Dealing with zip files in a targets workflow

Dealing with zip files in a targets workflow - r

I'm trying to set up a workflow that involves downloading a zip file, extracting its contents, and applying a function to each one of its files.
There are a few issues I'm running into:
How do I set up an empty file system reproducibly? Namely, I'm hoping to be able to create a system of empty directories to which files will later be downloaded to. Ideally, I'd like to do something like tar_target(my_dir, fs::dir_create("data"), format = "file"), but I know from the documentation that empty directories are not able to be used with format = "file". I know I could just do a dir_create at every instance which I need it, but this seems clumsy.
In the reprex below I'd like to operate individually on each file using pattern = map(x). As the error suggests, I'd need to specify a pattern for the parent target, since format = "file". You can see that if I did specify a pattern for the parent target, I would again need to do it for its parent target. As far as I know, a pattern cannot be set for a target that has no parents (but I have been wrong many times before).
I have a feeling I'm going about this all wrong - thank you for your time.
library(targets)
tar_script({
tar_option_set(packages = c("tidyverse", "fs"))
download_file <- function(url, dest) {
download.file(url, dest)
dest
}
do_stuff <- function(file_path) {
fs::file_copy(file_path, file_path, overwrite = TRUE)
}
list(
tar_target(downloaded_zip,
download_file("https://file-examples-com.github.io/uploads/2017/02/zip_2MB.zip",
path(dir_create("data"), "file", ext = "zip")),
format = "file"),
tar_target(extracted_files,
unzip(downloaded_zip, exdir = dir_create("data")),
format = "file"),
tar_target(stuff_done,
do_stuff(extracted_files),
pattern = map(extracted_files), format = "file",
iteration = "list"))
})
tar_make()
#> * start target downloaded_zip
#> trying URL 'https://file-examples-com.github.io/uploads/2017/02/zip_2MB.zip'
#> Content type 'application/zip' length 2036861 bytes (1.9 MB)
#> ==================================================
#> downloaded 1.9 MB
#>
#> * built target downloaded_zip
#> * start target extracted_files
#> * built target extracted_files
#> * end pipeline
#> Error : Target stuff_done tried to branch over extracted_files, which is illegal.
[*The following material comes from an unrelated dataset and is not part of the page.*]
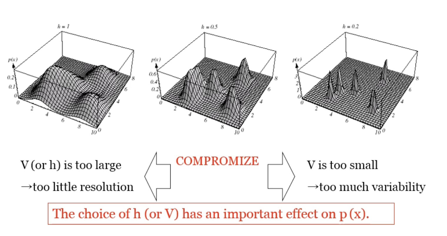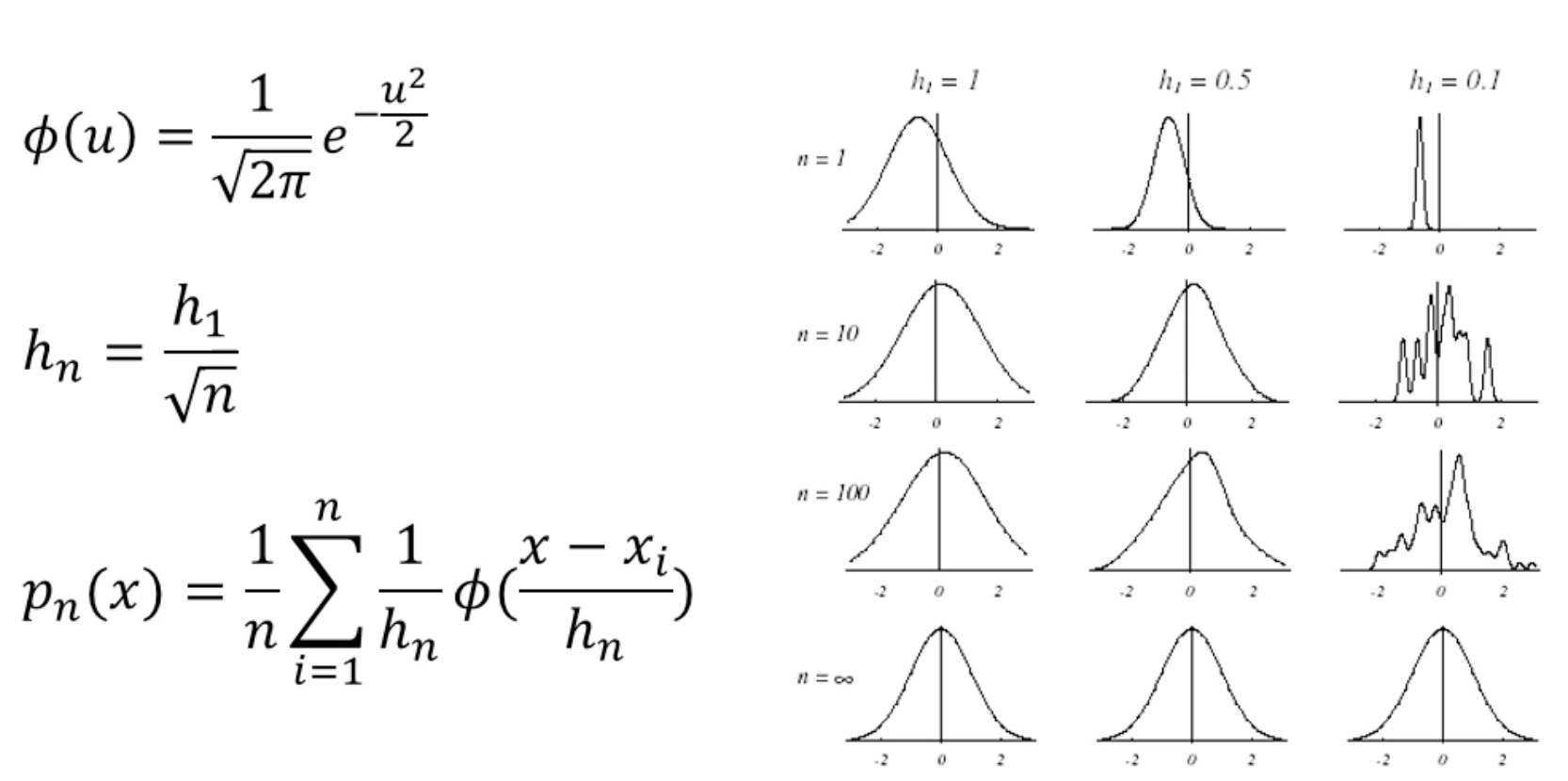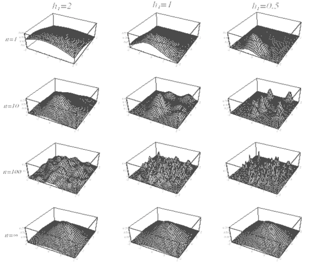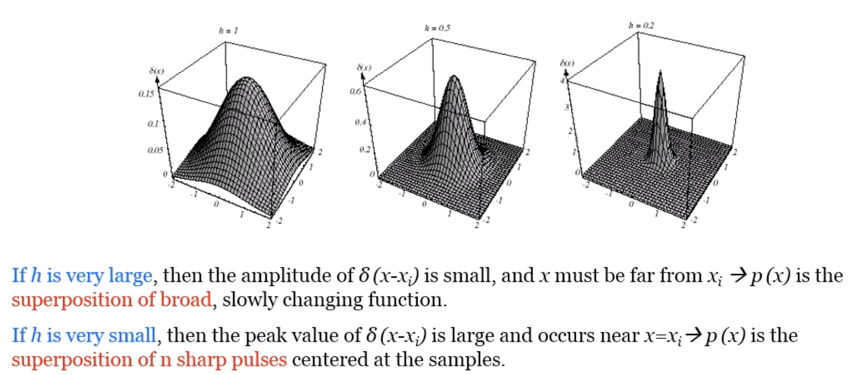 - 샘플의 수가 1, 10, 100, 무한대 일때 P(x)이다. 샘플개수에 따라서 h를 어떻게 잡냐에 따라 확률의 추정이 달라진다.

Patterns must only branch over explicitly declared targets in the pipeline. Stems and patterns are fine, but you cannot branch over branches or global objects. Also, if you branch over a target with format = "file", then that target must also be a pattern.
#> Error: callr subprocess failed: Target stuff_done tried to branch over extracted_files, which is illegal. Patterns must only branch over explicitly declared targets in the pipeline. Stems and patterns are fine, but you cannot branch over branches or global objects. Also, if you branch over a target with format = "file", then that target must also be a pattern.
#> Visit https://books.ropensci.org/targets/debugging.html for debugging advice.
Created on 2021-12-08 by the reprex package (v2.0.1)

Original answer
Here's an idea: you could track that URL with format = "url" and then make the URL a dependency of all the file branches. Below, all of files should rerun then the upstream online data changes. That's fine because all that does is just re-hash stuff. But then not all branches of stuff_done should run if only some of those files actually changed.
Edit
On second thought, we probably need to hash the local files all in bulk. Not the most efficient, but it gets the job done. targets wants you to use its own built-in storage system instead of external files, so if you can read the data in and return it in a non-file format, dynamic branching will be easier.
# _targets.R file
library(targets)
tar_option_set(packages = c("tidyverse", "fs"))
download_file <- function(url, dest) {
download.file(url, dest)
dest
}
do_stuff <- function(file_path) {
file.info(file_path)
}
download_and_unzip <- function(url) {
downloaded_zip <- tempfile()
download_file(url, downloaded_zip)
unzip(downloaded_zip, exdir = dir_create("data"))
}
list(
tar_target(
url,
"https://file-examples-com.github.io/uploads/2017/02/zip_2MB.zip",
format = "url"
),
tar_target(
files_bulk,
download_and_unzip(url),
format = "file"
),
tar_target(file_names, files_bulk), # not a format = "file" target
tar_target(
files, {
files-bulk # Re-hash all the files separately if any file changes.
file_names
},
pattern = map(file_names),
format = "file"
),
tar_target(stuff_done, do_stuff(files), pattern = map(files))
)

Related

How to reference Rmd files which should be rendered (within a package function)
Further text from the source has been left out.